Stories that Could Be Written about Chocolate in Barcelona, Montreal, and Elsewhere
Really? Wait, what? Yes, I'm still here. You might not be. Last time I checked in here, I was driving around England in a 1967 E-type Jaguar. That was about a year after Martin Christy generously introduced me to the haltingly precise chocolate craftsmanship of William Curley on a chocolate tour of London. Nearly another year has gone by, and, after taking the same E-type Jaguar through Spain and France over the summer, I just made another stop in England with my significant other (the very same significant other who drives the E-type Jaguar) to find that Curley now has a counter in the magnificently tiled Harrod's Food Hall, and that such expansion has made his exquisite confections much more accessible if just a touch less precise.
It's been a busy year--a new teaching job, a new partner, and a return to New York that's given me the time, money, and space to reshuffle some of my commitments, focusing a bit more on my person and a bit less on my persona these days. Before I go any further, I'll remind myself to point out that this blog is as much about chocolate as it is about me. So why haven't I written about chocolate at all since the beginning of 2014? Why is that app project stalled and that twitter feed on near hiatus too? Don't I have a professional debt to pay to Brad Kintzer and Zohara Mapes of Tcho for their lively dinner table conversation, to Nat Bledder of Madre Chocolate and chocolate elder statesman Steve De Vries, both of whom invited me to crash on their couches during chocolate trade events in recent years? Isn't there a story waiting to be written about the global chocolate bars arranged on narrow wooden shelves bolted into the exposed brick walls at the new La Tablette de Miss Choco boutique in Montreal?
Oh, yes, of course. Yes, to all of it. There is no lack of material. Quite the opposite. For an up-to-date report on the thriving global artisan chocolate industry written with an appropriate degree of enthusiasm, I direct your attention immediately to Sunita de Tourreil of the Chocolate Garage in the Bay Area. But in keeping with my own odd brand of benevolent antiestablishmentism, the ongoing serge in chocolate quality and information has caused in me, ironically, less and less of a sense of urgency. If I can now find a feature-worthy chocolatier in every small and large city, buy truly wonderful products at Trader Joe's and Marks & Spencer, and easily flip through the channels and watch French TV shows about Vietnamese bean-to-bar chocolate makers--or Vietnamese TV shows about French bean-to-bar chocolate makers--then I'm content with that and I can quiet the search for a while.
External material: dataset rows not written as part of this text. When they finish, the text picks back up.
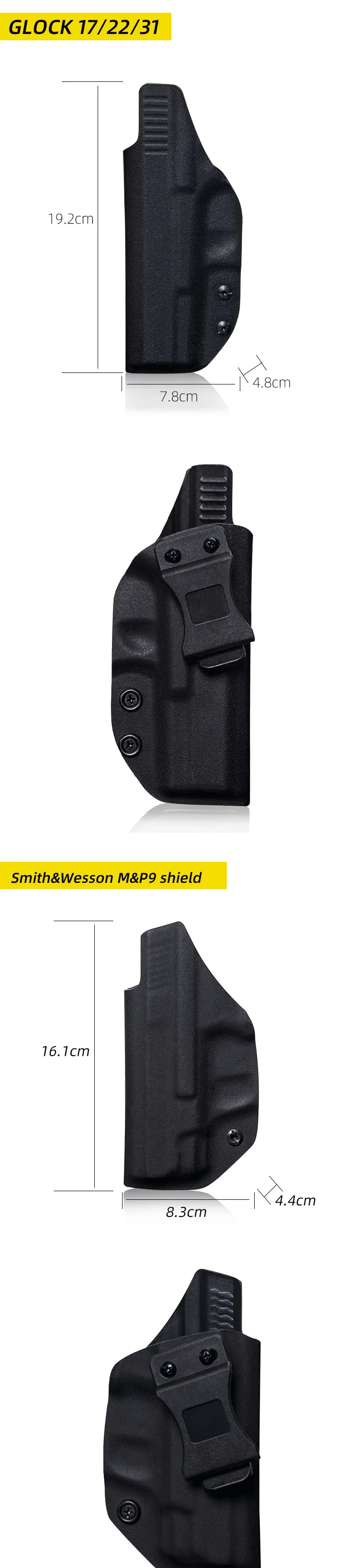Funda Kydex para pistola Taurus G2c S & W Glock 17/22/31/43 Sig P365 Colt 1911 CZ, funda de pistola IWB 9MM, transporte oculto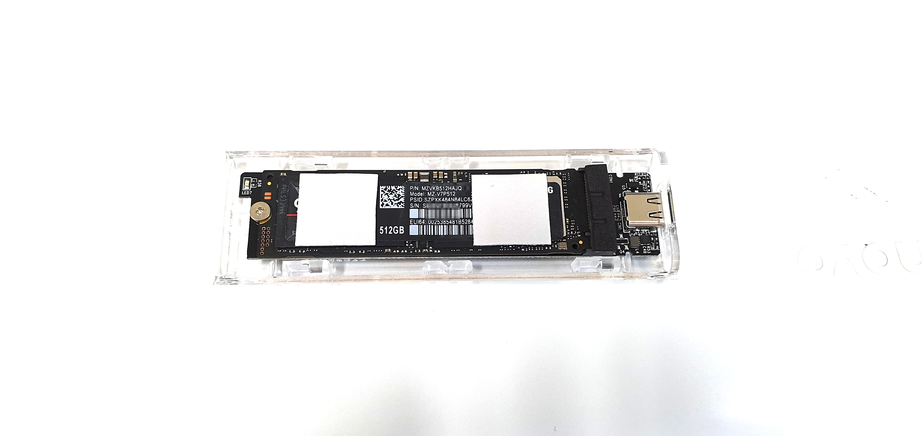 2개의 앞/뒤 플라스틱 하우징이 슬라이드 형태로 결합하는 상태이며 써멀패드 두께가 조금 작은 관계로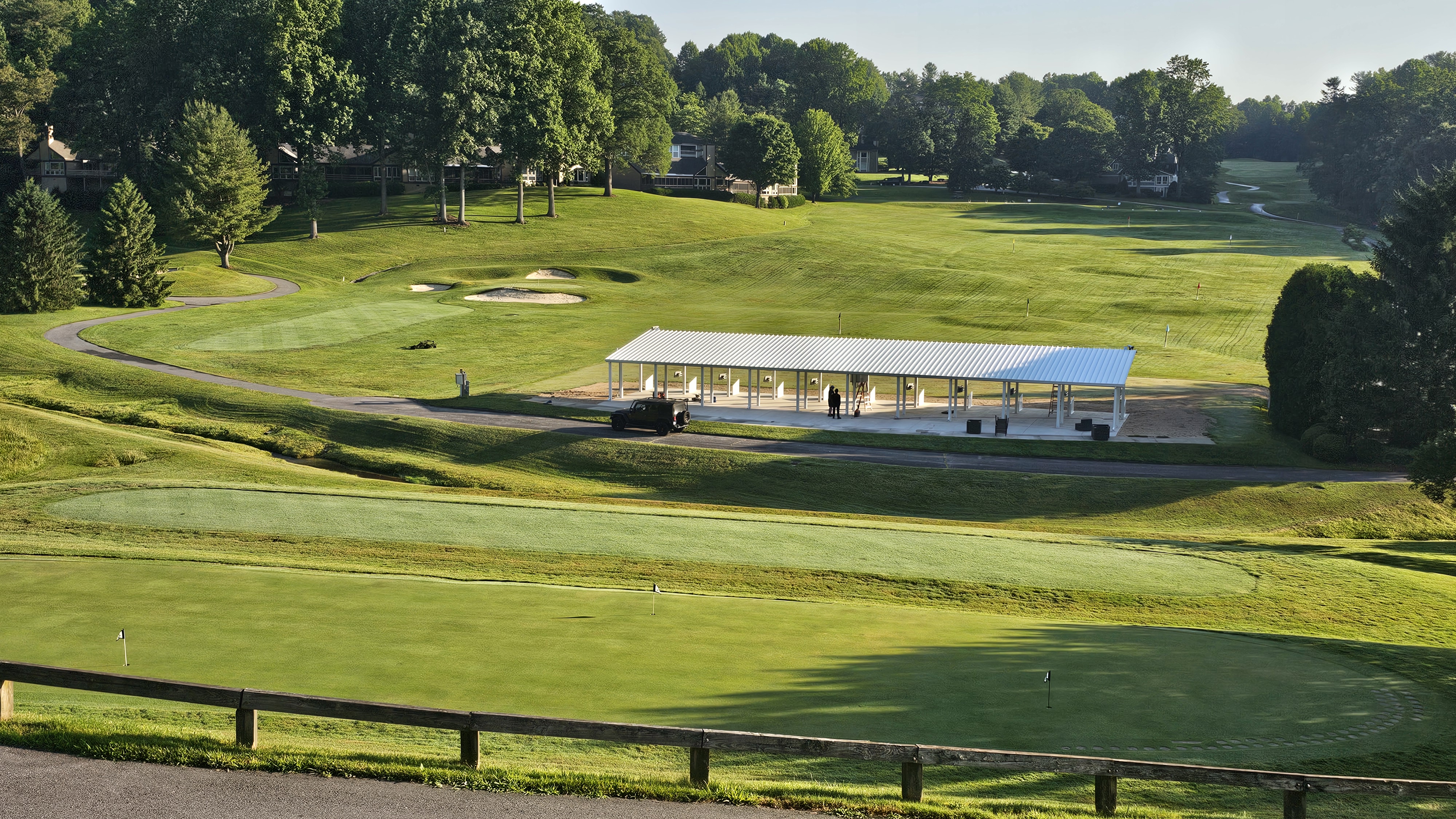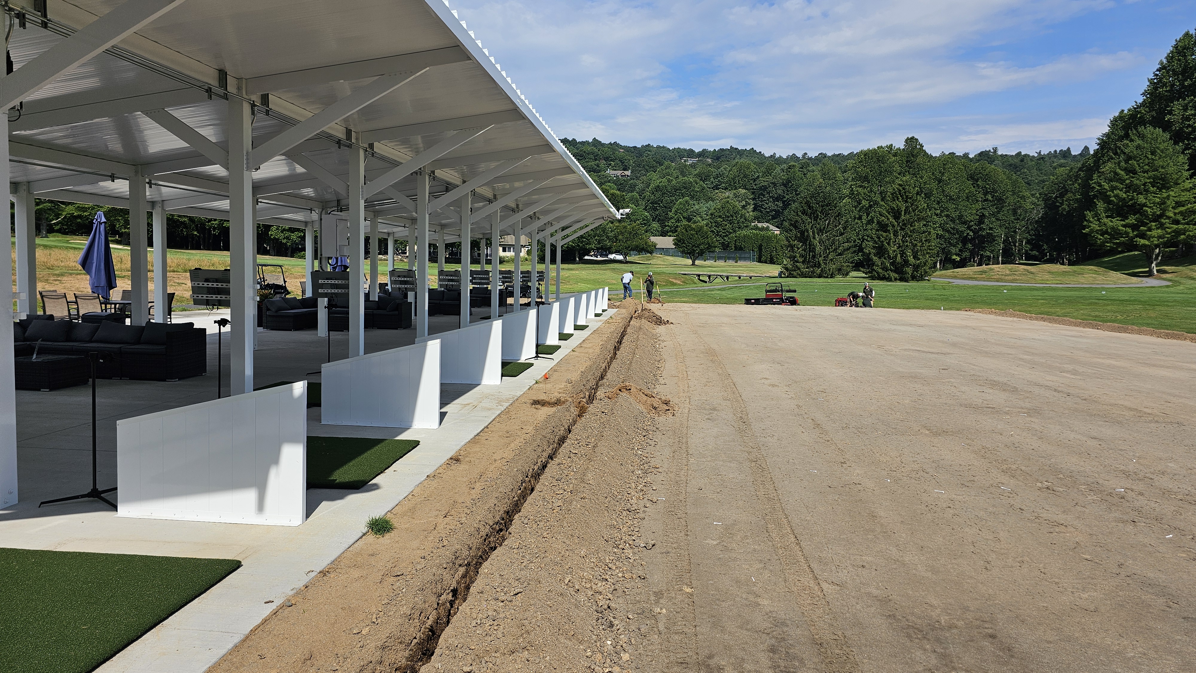 Early June marked the vertical transformation of the project. White steel framing rose over the new concrete pad, forming the canopy that would shelter golfers from sun and rain. Crews completed the structural assembly, wired electrical lines, and prepared for Toptracer technology installation.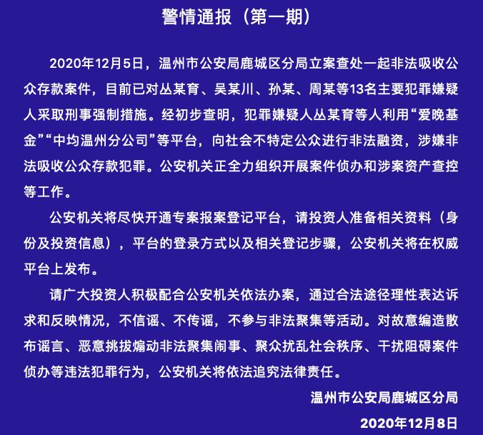 经初步查明,犯罪嫌疑人丛某育等人利用“爱晚基金”、“中均温州分公司”等平台,向社会不特定公众进行非法融资,涉嫌非法吸收公众存款犯罪。公安机关正全力组织开展案件侦办和涉案资产查控等工作。

Don't worry, I'll be back. And I certainly hope you will be, too. Chocolate in Context has always been flexible and it's sticking around. I'll stop by with recommendations when I have them (though Cacao Sampaka was closed for summer holidays when I passed through Barcelona last month) and recipes I invent with my bulk shipment of a custom chocolate blend from my friend Fernando in Guatemala.
Let's get back to it, then.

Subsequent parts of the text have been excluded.